* _ASSIGNMENT_
Repeat the entries below exactly, pictures excluded.

(AVAILABLE DATA begins)

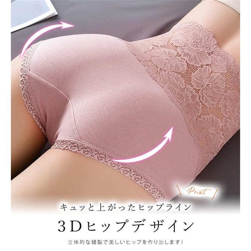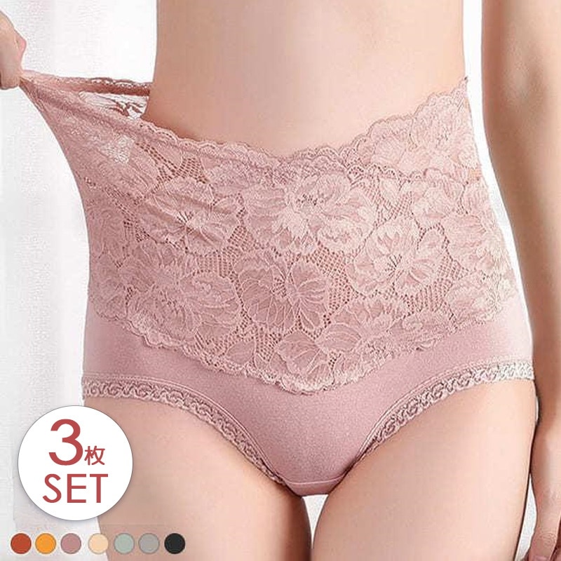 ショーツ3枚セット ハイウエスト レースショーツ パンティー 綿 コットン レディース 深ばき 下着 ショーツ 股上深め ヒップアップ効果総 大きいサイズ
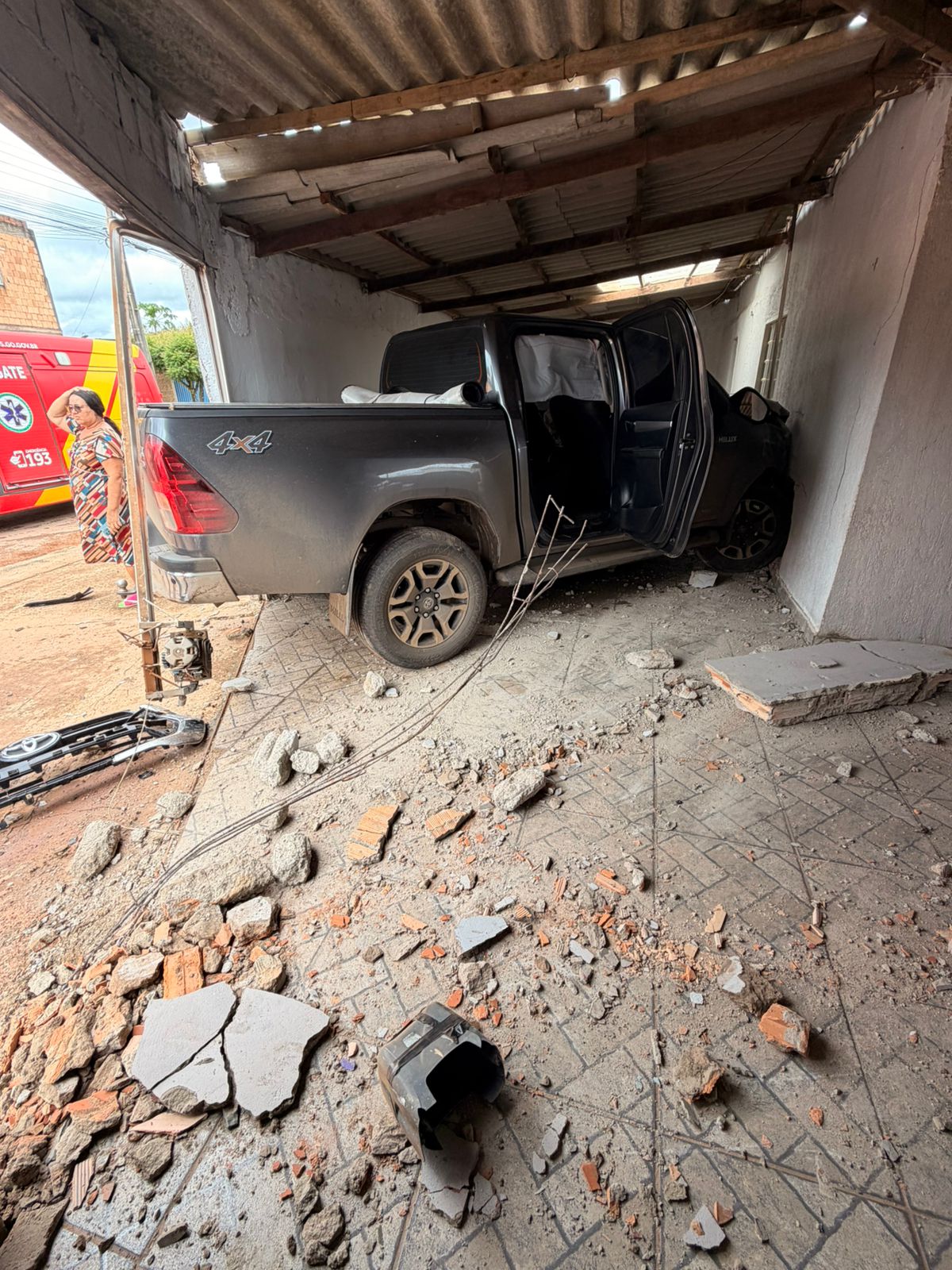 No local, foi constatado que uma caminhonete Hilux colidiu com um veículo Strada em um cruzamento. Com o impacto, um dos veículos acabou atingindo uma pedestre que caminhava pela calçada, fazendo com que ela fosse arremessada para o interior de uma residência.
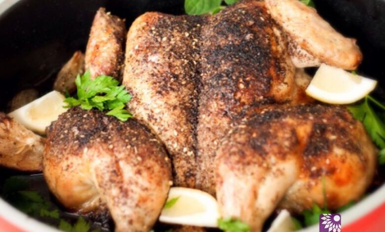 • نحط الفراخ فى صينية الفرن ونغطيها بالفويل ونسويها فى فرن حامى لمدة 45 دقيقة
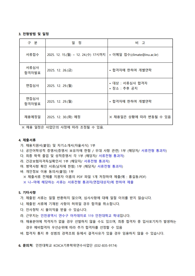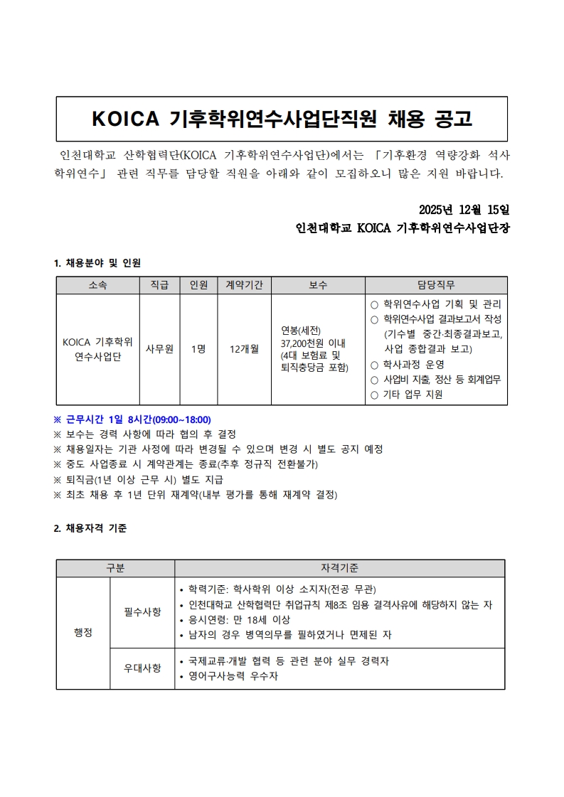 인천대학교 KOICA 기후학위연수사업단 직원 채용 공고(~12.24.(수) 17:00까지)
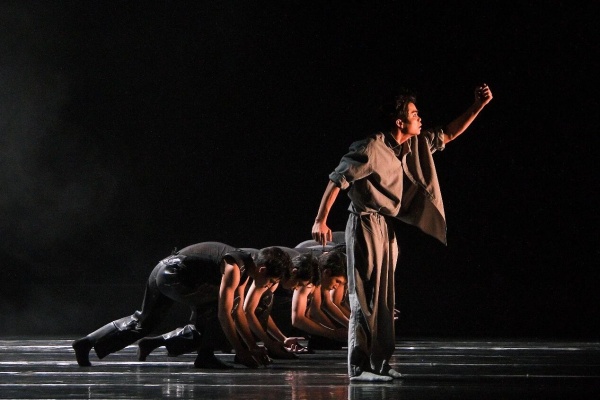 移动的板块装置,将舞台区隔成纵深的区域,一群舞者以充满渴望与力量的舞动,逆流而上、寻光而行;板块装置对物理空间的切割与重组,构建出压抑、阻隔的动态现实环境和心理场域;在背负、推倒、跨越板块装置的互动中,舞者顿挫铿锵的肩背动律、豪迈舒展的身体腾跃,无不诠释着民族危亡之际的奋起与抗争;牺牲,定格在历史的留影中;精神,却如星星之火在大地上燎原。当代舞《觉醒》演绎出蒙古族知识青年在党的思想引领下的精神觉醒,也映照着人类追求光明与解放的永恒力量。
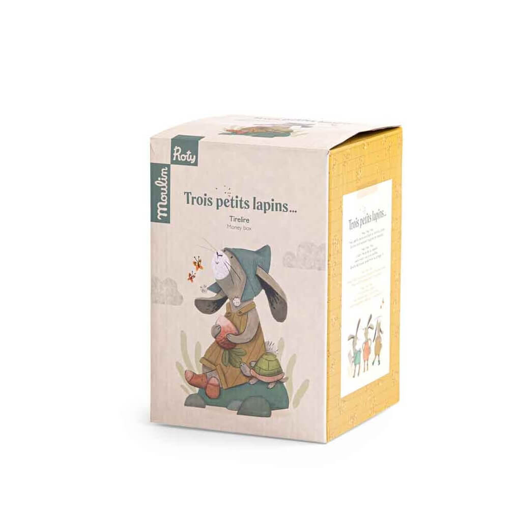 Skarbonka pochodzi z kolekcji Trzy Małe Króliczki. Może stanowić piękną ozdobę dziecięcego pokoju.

(AVAILABLE DATA ends)

* _REPLY TO THE EXERCISE_
 ショーツ3枚セット ハイウエスト レースショーツ パンティー 綿 コットン レディース 深ばき 下着 ショーツ 股上深め ヒップアップ効果総 大きいサイズ
 No local, foi constatado que uma caminhonete Hilux colidiu com um veículo Strada em um cruzamento. Com o impacto, um dos veículos acabou atingindo uma pedestre que caminhava pela calçada, fazendo com que ela fosse arremessada para o interior de uma residência.
 • نحط الفراخ فى صينية الفرن ونغطيها بالفويل ونسويها فى فرن حامى لمدة 45 دقيقة
 인천대학교 KOICA 기후학위연수사업단 직원 채용 공고(~12.24.(수) 17:00까지)
 移动的板块装置,将舞台区隔成纵深的区域,一群舞者以充满渴望与力量的舞动,逆流而上、寻光而行;板块装置对物理空间的切割与重组,构建出压抑、阻隔的动态现实环境和心理场域;在背负、推倒、跨越板块装置的互动中,舞者顿挫铿锵的肩背动律、豪迈舒展的身体腾跃,无不诠释着民族危亡之际的奋起与抗争;牺牲,定格在历史的留影中;精神,却如星星之火在大地上燎原。当代舞《觉醒》演绎出蒙古族知识青年在党的思想引领下的精神觉醒,也映照着人类追求光明与解放的永恒力量。
 Skarbonka pochodzi z kolekcji Trzy Małe Króliczki. Może stanowić piękną ozdobę dziecięcego pokoju.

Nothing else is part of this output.